THEMIS tyrosine phosphorylation.HEK293T (ATCC CRL-3216) cells (3 × 106) were cotransfected with WT or ThemisI23N constructs and either the WT or a hyperactive F505 Lck variant (André Veillette, IRCM, Montreal, QC, Canada), and 24 h later, cells were lysed in 50 mM Tris (pH 7.5)–150 mM NaCl–1% Triton X-100–0.1% SDS. THEMIS was immunoprecipitated (IP) with anti-THEMIS antibody (16 h, 4°C) and then captured with protein G agarose beads. IP products were separated on gel and then immunoblotted with a mouse antiphosphotyrosine antibody (P-Tyr-100; Cell Signaling Technology) and a horseradish peroxidase-conjugated anti-mouse TrueBlot ULTRA IgG secondary antibody (eBioscience). Blots were reprobed with anti-THEMIS antibody, and blots of whole-cell lysate were probed with anti-LCK antibody (André Veillette) to validate the efficiency of immunoprecipitation and transfection, respectively.
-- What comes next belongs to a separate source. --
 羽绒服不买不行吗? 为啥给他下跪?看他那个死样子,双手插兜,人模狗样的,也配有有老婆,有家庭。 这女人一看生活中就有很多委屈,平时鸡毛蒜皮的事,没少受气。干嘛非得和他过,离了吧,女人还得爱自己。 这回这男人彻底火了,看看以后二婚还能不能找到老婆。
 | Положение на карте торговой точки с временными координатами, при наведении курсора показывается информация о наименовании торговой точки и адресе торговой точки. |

Evans blue dye extravasation.P. berghei ANKA-infected mice (day 6 postinfection) were injected (i.v.) with 0.2 ml of 1% Evans blue dye (Sigma-Aldrich, Oakville, Canada). One hour later, mice were exsanguinated and perfused with phosphate-buffered saline. Brains were excised and incubated with 1 ml of dimethyl formamide for 48 h to extract the Evans blue dye from the tissues. Optical density at 610 nm was measured, and measurements were converted into micrograms of dye extravasated per gram of tissue.
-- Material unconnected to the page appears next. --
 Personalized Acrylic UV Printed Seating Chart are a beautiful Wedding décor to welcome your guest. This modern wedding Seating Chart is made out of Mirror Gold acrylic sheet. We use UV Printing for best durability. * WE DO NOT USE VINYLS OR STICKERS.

Immunophenotyping.Thymus and spleen cells (1 × 108 to 2 × 108) were stained with anti-CD4–phycoerythrin (PE)/Cy7 and anti-CD8–PE, and doubly negative (DN; CD4− CD8−), doubly positive (DP; CD4+ CD8+), CD4 singly positive (CD4+; CD4+ CD8−), and CD8 singly positive (CD8+; CD4− CD8+) T cells were isolated with a fluorescence-activated cell sorter (FACS). Leukocytes infiltrating the brains of infected animals were isolated as previously described (20). Thymus and spleen cells from control and P. berghei ANKA-infected mice were analyzed by FACS by using markers of lymphoid cells (anti-CD45–allophycocyanin [APC]-efluor780, anti-CD8–Bv421, anti-CD4–PE, anti-TCRβ–fluorescein isothiocyanate [FITC]) and myeloid cells (anti-CD45–APC-efluor780, anti-CD11b–APC, anti-Ly6G–FITC). All of the antibodies used were purchased from BioLegend. Viable leukocytes were gated as CD45+ cells in the spleen and thymus and as CD45hi cells in the brain. Spleen cells were stimulated with either CD3/CD28 (eBioscience) or IL-12p70/IL-18 (BioLegend) for 48 h; this was followed by measurement of TNF-α and IFN-γ by enzyme-linked immunosorbent assay (ELISA; BioLegend). Cytokines were also measured in sera of naive and P. berghei ANKA-infected mice.
Infection with M. tuberculosis.Eight-week-old mice were infected via the aerosol route with ∼200 CFU of Mycobacterium tuberculosis H37Rv. Bacterial replication was determined by colony counts on organ homogenates. Histological analysis of the lung caudal lobe was performed with formalin-fixed sections stained with hematoxylin and eosin (H&E) or stained for acid-fast bacilli with Ziehl-Neelsen stain.
RESULTS
We used ENU mutagenesis in mice to identify genes that, when inactivated, protect against lethal ECM induced by P. berghei ANKA infection (21, 22). In this screening, G3 offspring were generated (Fig. 1A) and infected with P. berghei ANKA. ECM-susceptible B6 and B10 controls develop fatal neurological symptoms (paralysis, tremors, and seizures) between days 5 and 8 postinfection. Conversely, P. berghei ANKA-infected G3 mice that do not develop cerebral symptoms and survive beyond day 13 are considered ECM resistant. Mating of G1 male Melvin mice with two G2 females produced G3 mice, 19% of which were ECM resistant (8/34 pups; Fig. 1B). Linkage analysis revealed a linkage peak on chromosome 10 (Chr10; logarithm of odds [LOD], ∼8.63; position, 27.6 Mb) (Fig. 1C). Haplotype analysis of ECM-resistant mice showed enrichment for homozygosity of B6-derived alleles (A; from ENU-treated G0) on proximal Chr10, while ECM-susceptible mice displayed enrichment for homozygosity of WT B10 alleles (B) (Fig. 1D). This suggests that ECM resistance in the Melvin pedigree is caused by homozygosity for an ENU mutation on proximal Chr10.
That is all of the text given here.